I would not go so far as to call a ball python arboreal or even call them tree dwellers. I think ball pythons will climb on things as they are cruising through the savannah. It is not like they will come across a shrub or tree and think "I need to find another way around or I may fall if I climb up that thing". The fact is they can live long and healthy lives on the ground in tubs and cages. Adding enrichment items like branches and vines and other things to climb just helps to give them options to scoot around but going so far as adding or inferring the word "need" into the equation might be a bit of a stretch. Finding something somewhere does not mean it lives in that location.
Let's take my rosy boa for example. They are ground and crevice dwelling snakes as shown from years of scientific research and the desert like conditions (chaparral actually) they live in. When I pick mine up, aside from trying to bite me because he is crazy food driven, he climbs. Should I now assume he must be a tree climbing snake? Nope, do I provide him things in his cage to climb and did I observe him climbing to the lip of the top of the cage when I got him? Yes.

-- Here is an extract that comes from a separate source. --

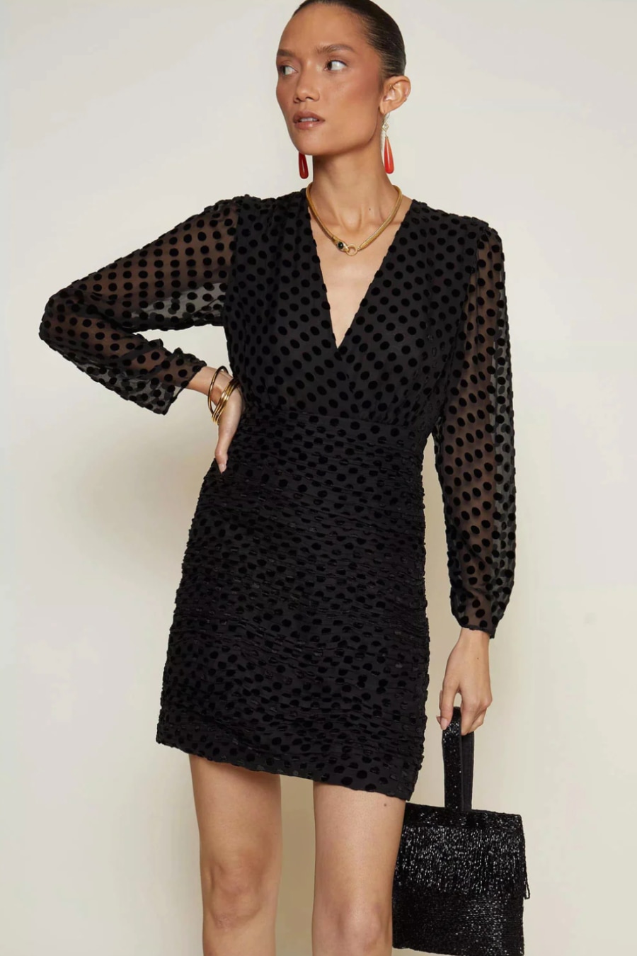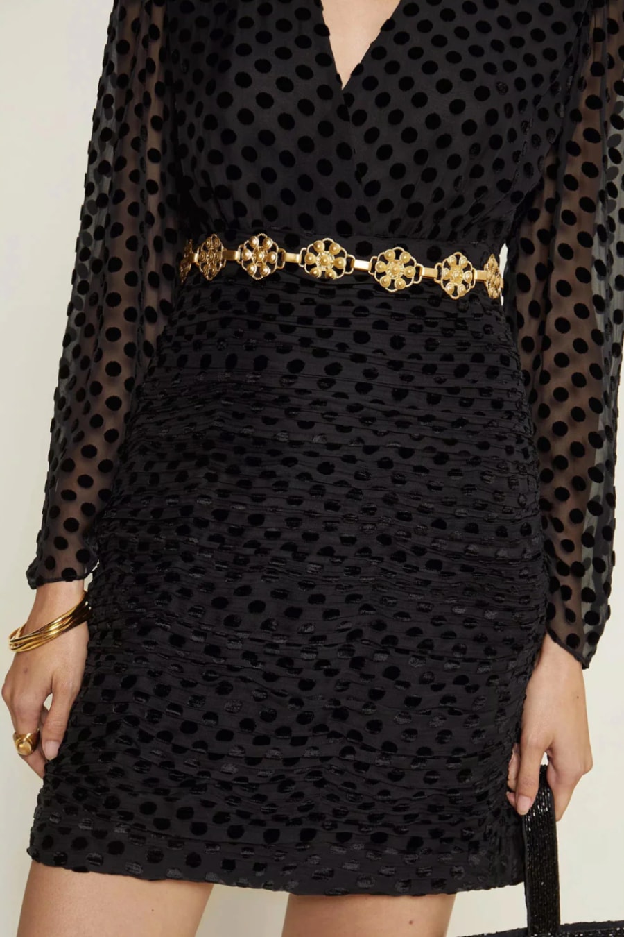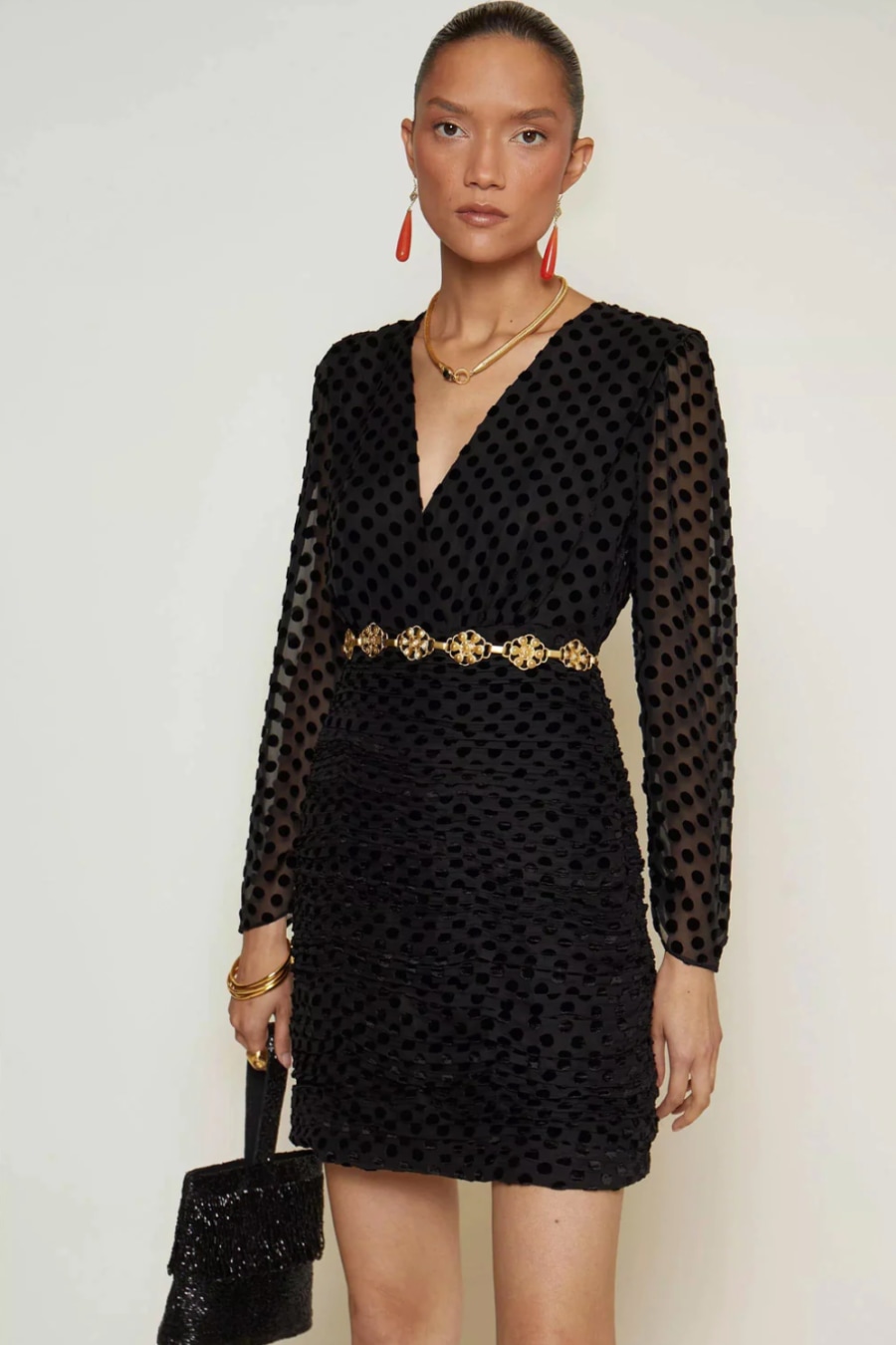 The Golden is a little black dress less ordinary, with her silk-mix devoré velvet-spot print, plunging neckline, and ruched mini skirt.

There are more than just trees in these snakes habitats and they will climb over. in, around, and through them. Termite mounds for example are pretty tall and they need often to climb up to find an opening. Let's not call these snakes semi arboreal as they simply are not physically designed for it. They are terrestrial snakes but even terrestrial snake can climb. You want to see an arboreal snake, check out a green tree python, carpet python, or certain rat snakes.
Let's admit enrichment items are a beneficial bonus but not something that withholding is going to lead to anxiety or depression as seen in other animals like dogs.